Tracing our roots: A look at the history of Neurosurgery of St. Louis

A Brief History of Neurosurgery of St. Louis

Ernie Sachs was born in New York City in 1879. He was accepted into Johns Hopkins University Medical School in 1900 and, following graduation in 1904, returned to his hometown for training in surgery. With a strong interest in neuroscience, he sought what neurosurgical teaching was available at that time from Sir Victor Horsley in London, England, in 1907. Sachs spent two years with Horsley before he returned to New York City in 1909.
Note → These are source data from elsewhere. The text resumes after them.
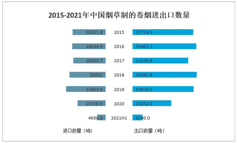 智研咨询发布的《2021-2027年中国烟草行业市场供需模式及竞争战略分析报告》数据显示:随着经济发展和支出增加,居民消费水平不断提高,香烟作为日常必需品也随之水涨船高,全社会烟草消费需求持续增长。2021上半年中国烟草制的卷烟进口数量为4696吨;出口数量为5540吨。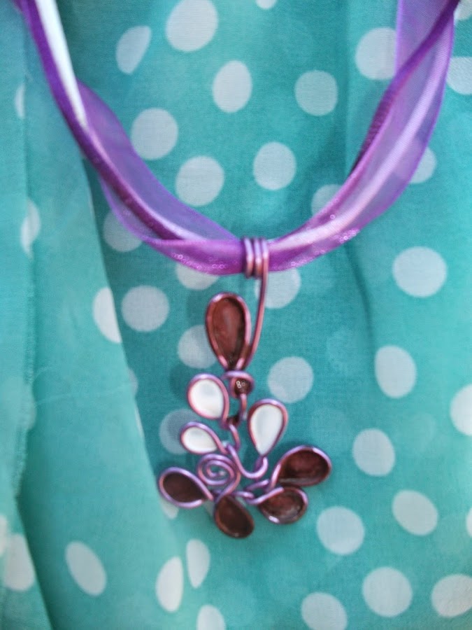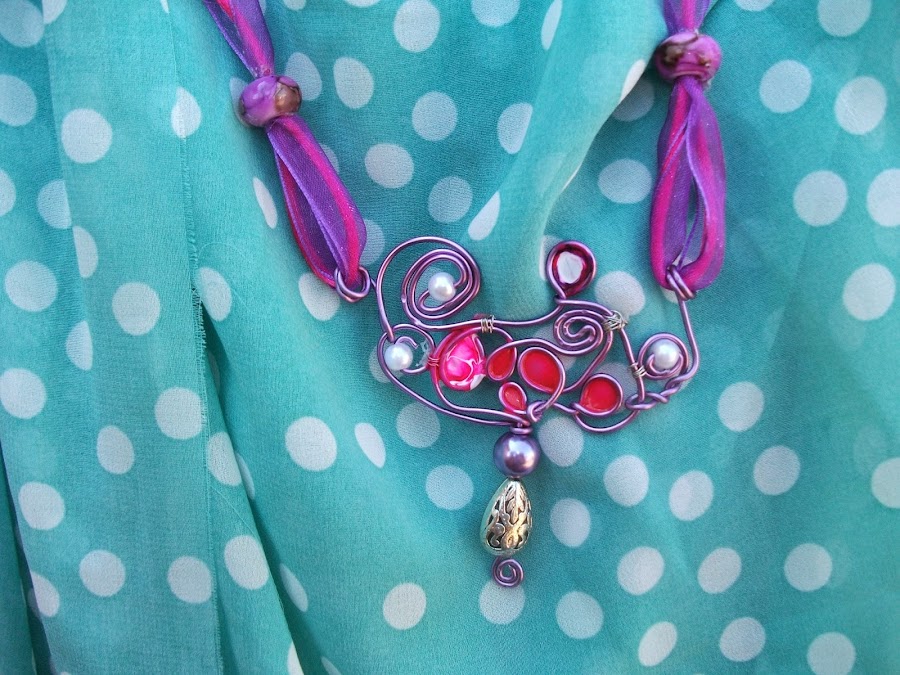 Colgantes de sopesso, y otros de alambre y laca de uñas.
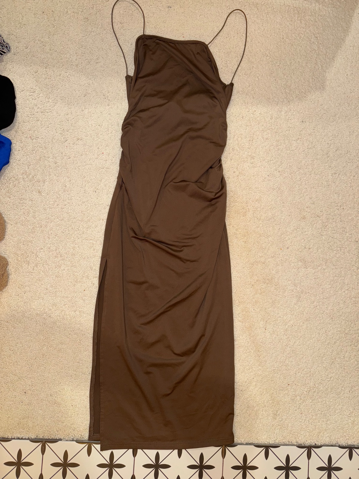 Predám krémovo hnedé šaty zn. Jones, kupované v Rakúsku, s podšívkou, bez známok nosenia, zips vzadu, material: polyster, elastan, rozmery: v prsiach: 37cm, dlžka 94cm, cena 30€ + poštovné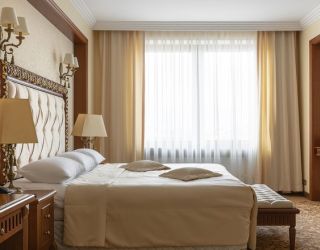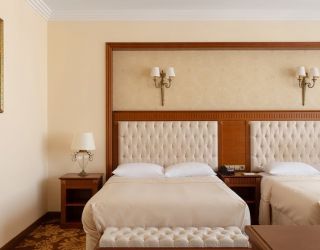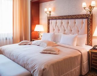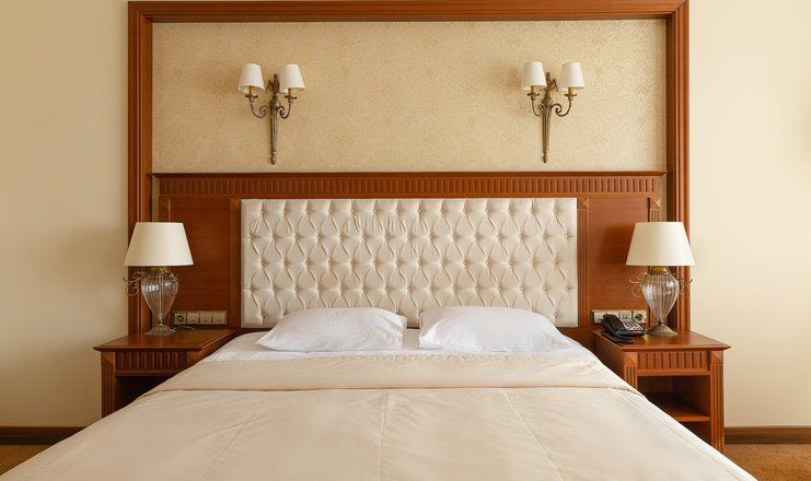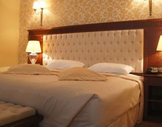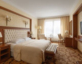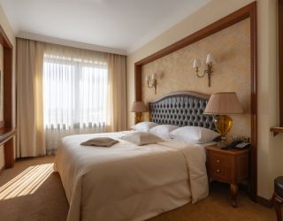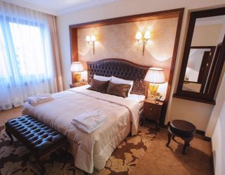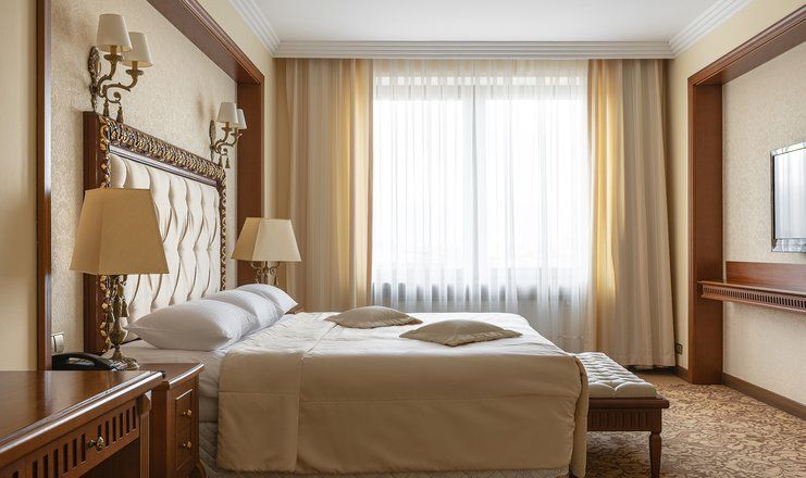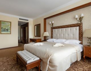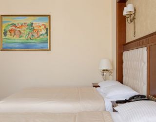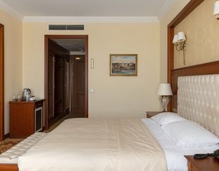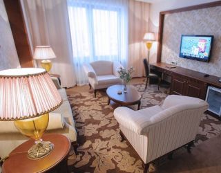 11-ти этажный корпус отеля, оснащенный лифтом, возвышается на пересечении улиц Энгельса и Кирова. Обширный жилой фонд предлагает отдыхающим 154 номера разных категорий — Стандарт, Полулюкс, Люкс и трехкомнатные Апартаменты. В комнатах изысканный классический интерьер, выдержанный в пастельной гамме с использованием шоколадных и охристо-золотых оттенков. Во всех категориях номеров – санузел, центральная система кондиционирования, чайник, утюг, фен, халат и тапочки. В номерах категории Полулюкс, Люкс и Апартаменты – ванна с гидромассажем.

About this same time, Dr. Fred Murphy from Boston had been appointed Chief of Surgery at Barnes Hospital in St. Louis, MO as Washington University Medical School was newly reorganized and was developing surgical subspecialties. Murphy knew Sachs and recruited him to start a neurosurgery training program in St. Louis. Sachs arrived in 1911 and went to work right away. His first operation was assisting Dr. Murphy with an appendectomy.
Sachs successfully developed the neurosurgery division and started a training program. He relied on the money earned from caring for “private patients” to purchase the necessary equipment needed to develop his program. One of Sachs early fellows was private practice general surgeon Leonard Furlow from Georgia. Dr. Furlow completed one year of neurosurgical training under Sachs in 1934 and stayed on at Barnes Hospital as Sachs’ partner. It was Sachs’ desire that Furlow eventually replaces him as Chief of Neurosurgery. 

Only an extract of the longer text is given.